The same tools that help us understand the random paths of molecules can be applied to the randomness that governs so many aspects of our everyday lives, from winning the lottery to road safety, and reveals the truth about the success of sporting heroes and film stars, and even how to make sense of a blood test.
The Drunkard's Walk reveals the psychological illusions that prevent us understanding everything from stock-picking to wine-tasting - read it, or risk becoming another victim of chance.

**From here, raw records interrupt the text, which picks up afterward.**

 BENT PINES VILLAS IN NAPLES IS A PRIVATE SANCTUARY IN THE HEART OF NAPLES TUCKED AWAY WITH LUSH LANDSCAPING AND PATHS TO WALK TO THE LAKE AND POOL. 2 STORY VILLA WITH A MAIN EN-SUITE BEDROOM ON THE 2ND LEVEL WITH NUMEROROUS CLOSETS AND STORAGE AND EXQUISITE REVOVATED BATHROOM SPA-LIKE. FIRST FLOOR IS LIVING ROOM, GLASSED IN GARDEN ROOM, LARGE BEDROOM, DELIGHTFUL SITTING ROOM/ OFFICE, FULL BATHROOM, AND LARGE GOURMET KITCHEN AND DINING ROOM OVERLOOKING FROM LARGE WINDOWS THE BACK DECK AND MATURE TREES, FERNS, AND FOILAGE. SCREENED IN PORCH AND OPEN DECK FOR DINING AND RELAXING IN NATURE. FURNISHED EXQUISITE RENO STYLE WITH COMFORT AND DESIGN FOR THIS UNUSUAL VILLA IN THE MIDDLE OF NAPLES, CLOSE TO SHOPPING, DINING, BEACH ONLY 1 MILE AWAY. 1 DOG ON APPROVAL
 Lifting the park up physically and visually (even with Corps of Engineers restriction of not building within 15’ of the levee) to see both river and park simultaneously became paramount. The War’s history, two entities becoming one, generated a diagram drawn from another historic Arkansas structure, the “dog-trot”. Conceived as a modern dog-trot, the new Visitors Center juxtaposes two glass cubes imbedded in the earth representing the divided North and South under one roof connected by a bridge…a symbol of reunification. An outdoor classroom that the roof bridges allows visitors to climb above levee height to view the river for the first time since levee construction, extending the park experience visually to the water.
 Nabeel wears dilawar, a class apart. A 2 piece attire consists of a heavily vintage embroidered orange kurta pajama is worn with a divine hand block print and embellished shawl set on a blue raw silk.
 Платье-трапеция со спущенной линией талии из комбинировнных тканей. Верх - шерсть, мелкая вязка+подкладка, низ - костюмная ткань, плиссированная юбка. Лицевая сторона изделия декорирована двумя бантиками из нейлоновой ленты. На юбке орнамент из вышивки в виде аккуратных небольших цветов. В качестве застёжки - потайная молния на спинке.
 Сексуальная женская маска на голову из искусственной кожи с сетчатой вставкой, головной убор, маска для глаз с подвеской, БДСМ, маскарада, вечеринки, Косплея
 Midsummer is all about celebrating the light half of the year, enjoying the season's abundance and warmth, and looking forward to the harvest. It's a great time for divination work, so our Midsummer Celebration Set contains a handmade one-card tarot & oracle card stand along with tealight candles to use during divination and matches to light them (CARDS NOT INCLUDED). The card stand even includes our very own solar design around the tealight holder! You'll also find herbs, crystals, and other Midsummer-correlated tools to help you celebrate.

'A wonderfully readable guide to how the mathematical laws of randomness affect our lives' Stephen Hawking, author of A Brief History of Time
PUBLISHERS WEEKLY
A "drunkard's walk" is a type of random statistical distribution with important applications in scientific studies ranging from biology to astronomy. Mlodinow, a visiting lecturer at Caltech and coauthor with Stephen Hawking of A Briefer History of Time, leads readers on a walk through the hills and valleys of randomness and how it directs our lives more than we realize. Mlodinow introduces important historical figures such as Bernoulli, Laplace and Pascal, emphasizing their ideas rather than their tumultuous private lives. Mlodinow defines such tricky concepts as regression to the mean and the law of large numbers, which should help readers as they navigate the daily deluge of election polls and new studies on how to live to 100. The author also carefully avoids veering off into the terra incognita of chaos theory aside from a brief mention of the famous "butterfly effect," although he might have spent a little more time on the equally famous n-body problem that led to chaos theory. Books on randomness and statistics line library shelves, but Mlodinow will help readers sort out Mark Twain's "damn lies" from meaningful statistics and the choices we face every day.